Here’s where things get a little more bleeding edge. If you poke around result, you’ll see how it works: nix has setup its maze of symlinks and /nix/store files to define the total set of nuts and bolts to make the application run. It turns out that you can wrap all of that up into something deployable.

nix-bundle is a cool project that wraps up the output of a nix function into a self-contained executable. You can read the details on the GitHub page, but the tl;dr is that we can ask it to take our built application and bundle it into what you can sort of think of as a statically-built executable.
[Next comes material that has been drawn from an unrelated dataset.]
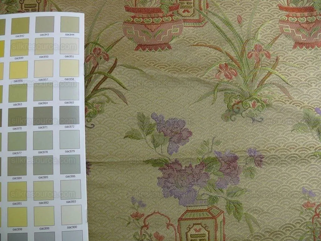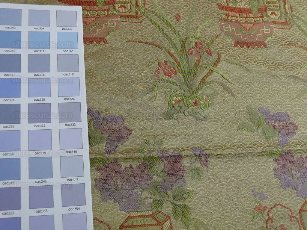 100% silk jarquard. A fainthful reproduction of ancient Chinese brocade. The purple against light chartreuse-gold is simply...devine... Peony=prosperity. Chinese orchid=virtue & solidarity. Lotus=serenity & wisdom Against a "cloud-sea" background.

$ nix-bundle '(import ./default.nix {})' /bin/app

The first argument tells nix-bundle what to build - which is just our poetry2nix function - and the second is what it should run from the result of the build (basically, what to invoke inside of result if it were a chroot).

Run what you’ve built! Startup time isn’t instant, because the single-file artifact is a compressed archive, but it should run as a standalone program.

$ ./app
$ http --body :5000
I will require a $10M series B to write a blockchain-based pet taxi app.
Very Cool. Very Cool.

We’ve built repeatable python artifact and bundled it into a single-file and self-contained executable. Very cool.

Deploy Boy

At this point we can use this executable however we choose if we want to deploy it somewhere. We’ve already digested the meat of this post, so here’s the extra dessert if you’re interested. I upload my artifact to the minio cluster in my homelab:

$ mc cp app lan/artifacts/app-0.1.0-x86_64

Now let’s write a lil’ Nomad job definition to run it:

job "app" {
  datacenters = ["lan"]
  region = "global"
  type = "service"
  task "app" {
    artifact {
      source = "https://my.local.domain/artifacts/app-0.1.0-x86_64"
      options {
        checksum = "sha256:deadbeefc0ffee"
    driver = "exec"
    env {
    config {
      command = "./local/app-0.1.0-x86_64"
    resources {
      cpu    = 500
      memory = 512

All done.

$ nomad run app.nomad

It’s a simplified example, but my slightly-more-fleshed out real-world deployment is running great.

Final Thoughts

I’ve covered these points already, but to summarize:

Nix has a tremendous amount of utility in a few different ways. A reproducible and consistent development environment. A way to build and package an application for consistent outputs. Perhaps the most important point is that this is generally language agnostic. My example was python, but there are lots of similar projects! Go? Use go2nix. Haskell? cabal2nix. Each variant turns an ordinary project into something that can leverage the utility of the Nix ecosystem. (nix-bundle is the example, here but are other cool services like cachix)

There are interesting options out there for building deployment artifacts. I doubt Docker images are going anywhere, but I know that I’ve been envious of go’s ability to kick out easily portable executables, and general-purpose wrapping like this is pretty nice.